EXTRACTED ENTRIES Block Start

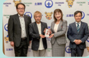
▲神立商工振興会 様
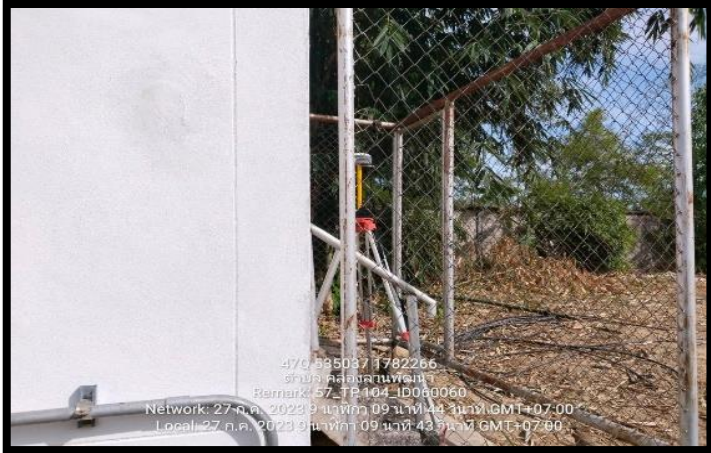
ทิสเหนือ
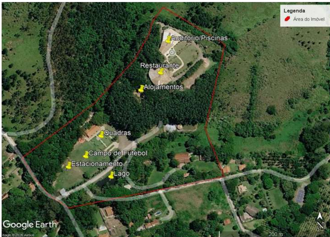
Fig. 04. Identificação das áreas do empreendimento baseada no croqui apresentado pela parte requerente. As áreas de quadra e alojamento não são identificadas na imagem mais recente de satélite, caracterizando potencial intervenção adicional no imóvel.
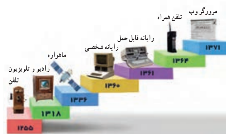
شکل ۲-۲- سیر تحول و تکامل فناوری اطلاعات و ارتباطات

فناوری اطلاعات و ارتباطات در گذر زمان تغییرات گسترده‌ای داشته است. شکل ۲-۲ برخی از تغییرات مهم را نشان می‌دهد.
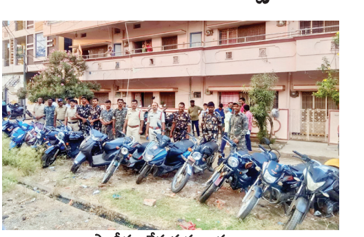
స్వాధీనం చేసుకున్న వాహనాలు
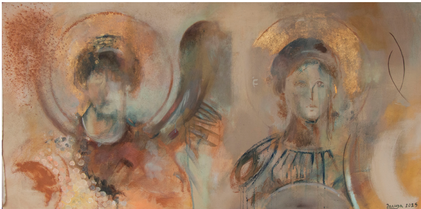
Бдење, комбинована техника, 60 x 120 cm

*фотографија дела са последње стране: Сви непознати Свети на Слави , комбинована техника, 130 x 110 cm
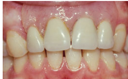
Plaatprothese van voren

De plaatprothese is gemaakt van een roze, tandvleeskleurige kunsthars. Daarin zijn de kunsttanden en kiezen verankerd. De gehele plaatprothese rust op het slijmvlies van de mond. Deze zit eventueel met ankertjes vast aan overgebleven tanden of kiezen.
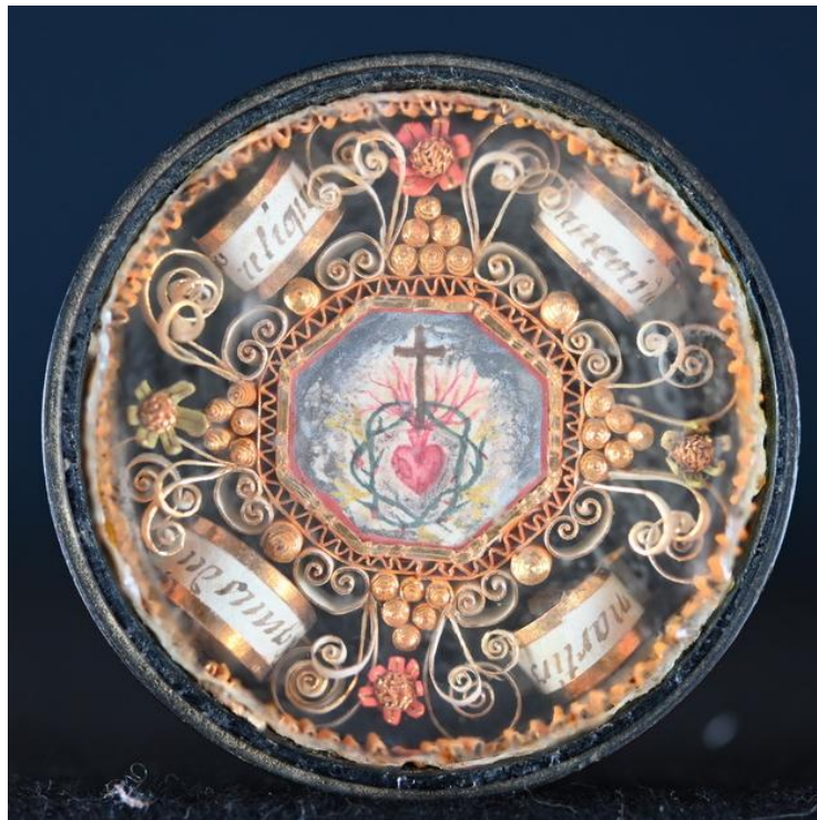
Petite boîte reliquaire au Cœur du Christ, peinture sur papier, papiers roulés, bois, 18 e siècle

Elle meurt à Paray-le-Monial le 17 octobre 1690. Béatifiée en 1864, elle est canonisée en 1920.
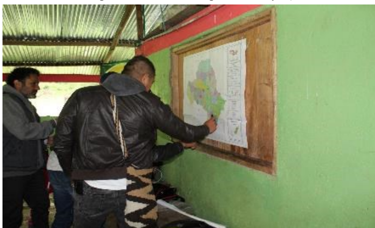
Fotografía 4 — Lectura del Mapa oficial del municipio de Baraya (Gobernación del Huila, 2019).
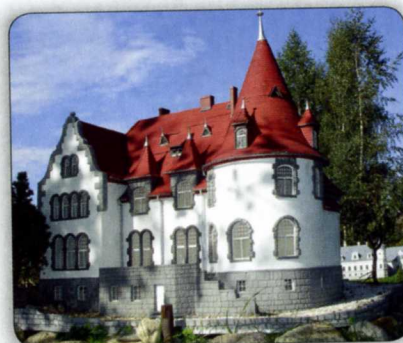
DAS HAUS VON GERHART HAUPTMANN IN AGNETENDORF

EXTRACTED ENTRIES Block End

## [EXERCISE]
A single number is the whole answer here: the number of lines in the data containing "комбинована".

## [ANSWER]
2